Das von der Beklagtenseite zitierte Urteil des BGH, Aktenzeichen VI ZR 357/13 erging dann auch in einem Rechtsstreit, den ein Sachverständiger gegen den Schädiger bzw. der dahinter stehenden Haftpflichtversicherung führte und ist bereits aus diesem Grund für den vorliegenden Fall nicht einschlägig. Der Beklagtenseite ist auch nicht zuzustimmen, wenn sie der Meinung ist, dass der Kläger lediglich einen Freistellungsanspruch hätte. Der Kläger hat gemäß § 249 Abs. 2 BGB einen Anspruch auf Entschädigung in Geld.

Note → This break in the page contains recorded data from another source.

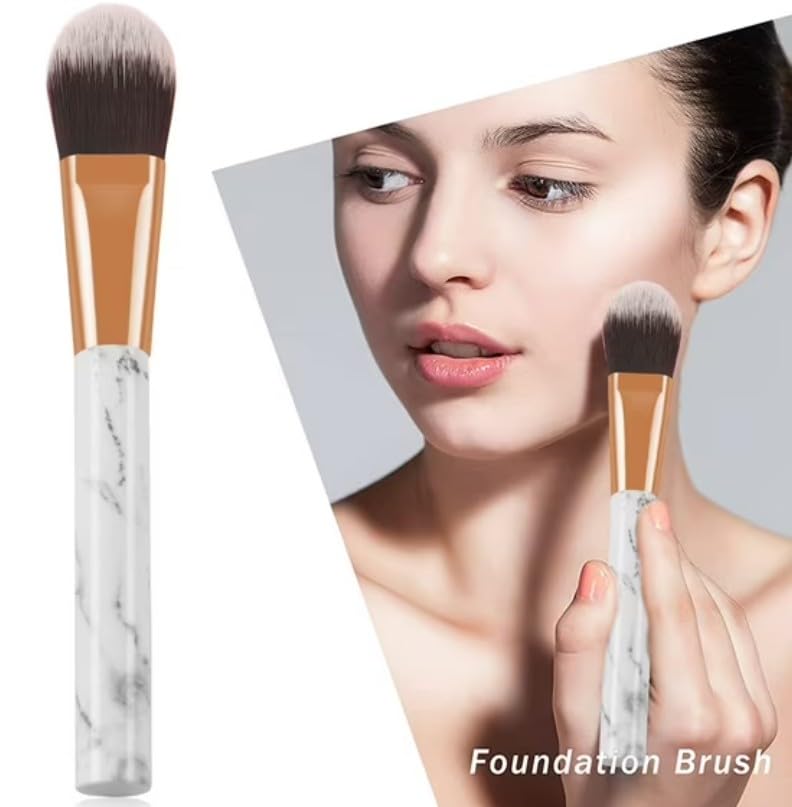 - أ. فرشاة المكياج: فرش كريم الأساس ناعمة وكثيفة وحريرية، مما يوفر لك شعورًا مريحًا وسلسًا، يمكن استخدام الفرشاة لوضع بودرة الأساس وأحمر الخدود وكريم الأساس السائل وكريم الأساس الكريمي، فهي جيدة لجعل كريم الأساس الخاص بك يبدو لطيفًا ورائعًا.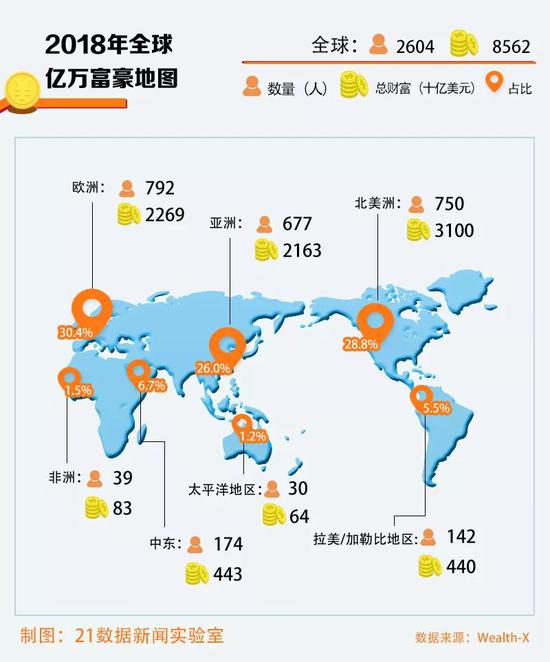 从洲际看,2018年,欧洲依然是亿万富豪最多的地区,为792人,亿万富豪所拥有的总财富为2.27万亿美元。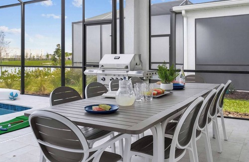 when the weather is right (basically always), pop open the patio door to your private outdoor oasis, featuring a crystal blue pool, comfy loungers, a patio table and chairs, and a grill shift the vibe from chilled to fired up with some friendly competition at the ping pong table, putting green, and poolside basketball hoop!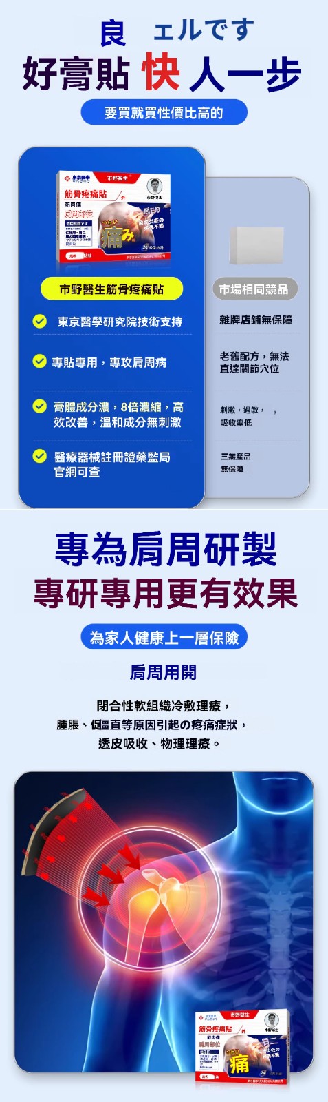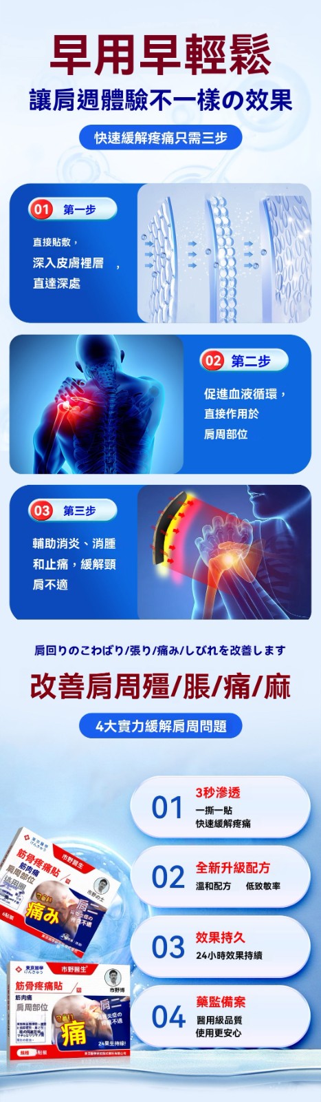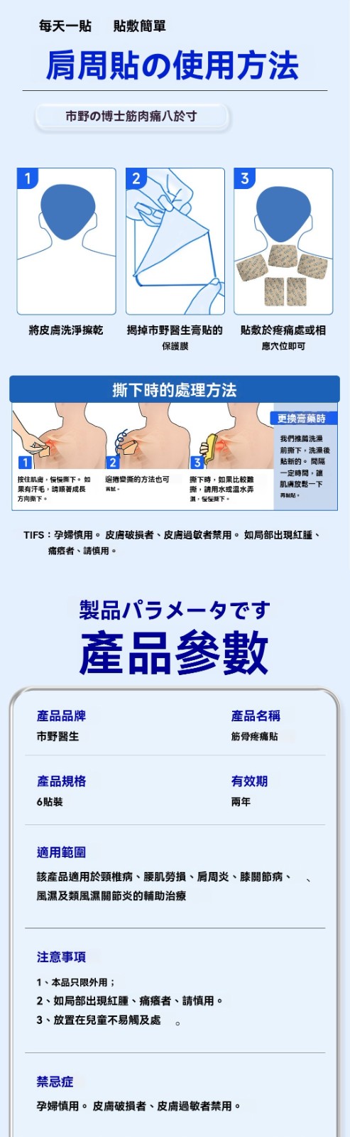 半小時前市野醫生緩解關節疼痛肩周貼,多種原材合理搭配製成,柔軟貼合,長時貼敷、深入肌膚呵護,早用早好。 - 【三療程 行走順暢不再疼痛】買三送四-NT$1400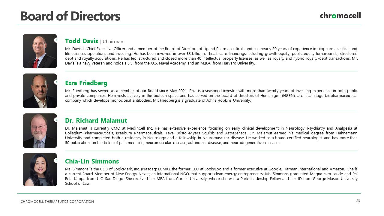 CHROMOCELL THERAPEUTICS CORPORATION 23 Board of Directors Todd Davis | Chairman Mr . Davis is Chief Executive Officer and a member of the Board of Directors of Ligand Pharmaceuticals and has nearly 30 years of experience in biopharmaceutical and life sciences operations and investing . He has been involved in over $ 3 billion of healthcare financings including growth equity, public equity turnarounds, structured debt and royalty acquisitions . He has led, structured and closed more than 40 intellectual property licenses, as well as royalty and hybrid royalty - debt transactions . Mr . Davis is a navy veteran and holds a B . S . from the U . S . Naval Academy and an M . B . A . from Harvard University . Ezra Friedberg Mr . Friedberg has served as a member of our Board since May 2021 . Ezra is a seasoned investor with more than twenty years of investing experience in both public and private companies . He invests actively in the biotech space and has served on the board of directors of Humanigen (HGEN), a clinical - stage biopharmaceutical company which develops monoclonal antibodies . Mr . Friedberg is a graduate of Johns Hopkins University . Dr. Richard Malamut Dr . Malamut is currently CMO at MedinCell Inc . He has extensive experience focusing on early clinical development in Neurology, Psychiatry and Analgesia at Collegium Pharmaceuticals, Braeburn Pharmaceuticals, Teva, Bristol - Myers Squibb and AstraZeneca . Dr . Malamut earned his medical degree from Hahnemann University and completed both a residency in Neurology and a fellowship in Neuromuscular disease . He worked as a board - certified neurologist and has more than 50 publications in the fields of pain medicine, neuromuscular disease, autonomic disease, and neurodegenerative disease . Chia - Lin Simmons Ms . Simmons is the CEO of LogicMark , Inc . (Nasdaq : LGMK), the former CEO at LookyLoo and a former executive at Google, Harman International and Amazon . She is a current Board Member of New Energy Nexus, an international NGO that support clean energy entrepreneurs . Ms . Simmons graduated Magna cum Laude and Phi Beta Kappa from U . C . San Diego . She received her MBA from Cornell University, where she was a Park Leadership Fellow and her JD from George Mason University School of Law .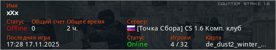 Играет на Counter Strike 1.6 сервере. Страна: РоссияПервый раз замечен 18:09 12.10.2025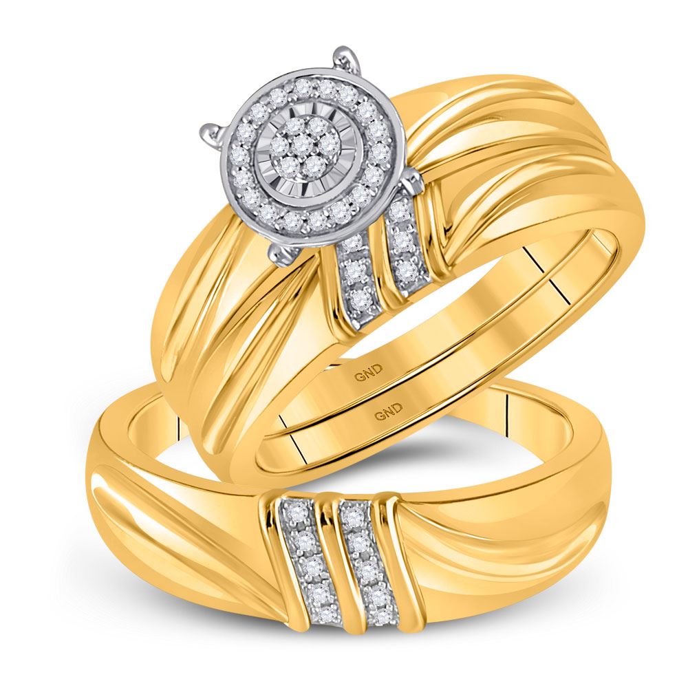 REF-30F5W ---- His Hers Round Diamond Cluster Matching Wedding Set 1/10 Cttw 10kt Yellow Gold

Die Beklagte befand sich mit der Zahlung auch seit 18.02.2014 in Verzug. Die Forderung war der Beklagten bereits am 13.01.2013 bekannt gegeben worden. Am 27.01.2014 rechnete die Beklagte ab und zahlte auf die Sachverständigenkosten 1.121,58 €. Im weiteren Schreiben vom 07.02.2014 wurde die Beklagte nochmals zur Zahlung der Sachverständigenkosten aufgefordert. Das Schreiben vom 07.02.2014 war somit nicht das erste Anforderungsschreiben mit Schadensbezifferung. Eine weitere Frist als zehn Tage war der Beklagten auch nicht mehr zuzubilligen, da die Beklagte bereits mit Schreiben vom 13.01.2013 zur Zahlung aufgefordert war und sich auch bereits Gedanken um ihre Ausgleichspflicht gemacht hat, was sich aus dem Schreiben vom 27.01.2014 ergibt. Der Anspruch auf Zahlung von Verzugszinsen ab 18.02.2014 ist also gemäß den §§ 288, 286 BGB begründet.
Die Kostenentscheidung beruht auf § 91 ZPO, die Entscheidung zur vorläufigen Vollstreckbarkeit auf den §§ 708 Nr. 11, 713 ZPO.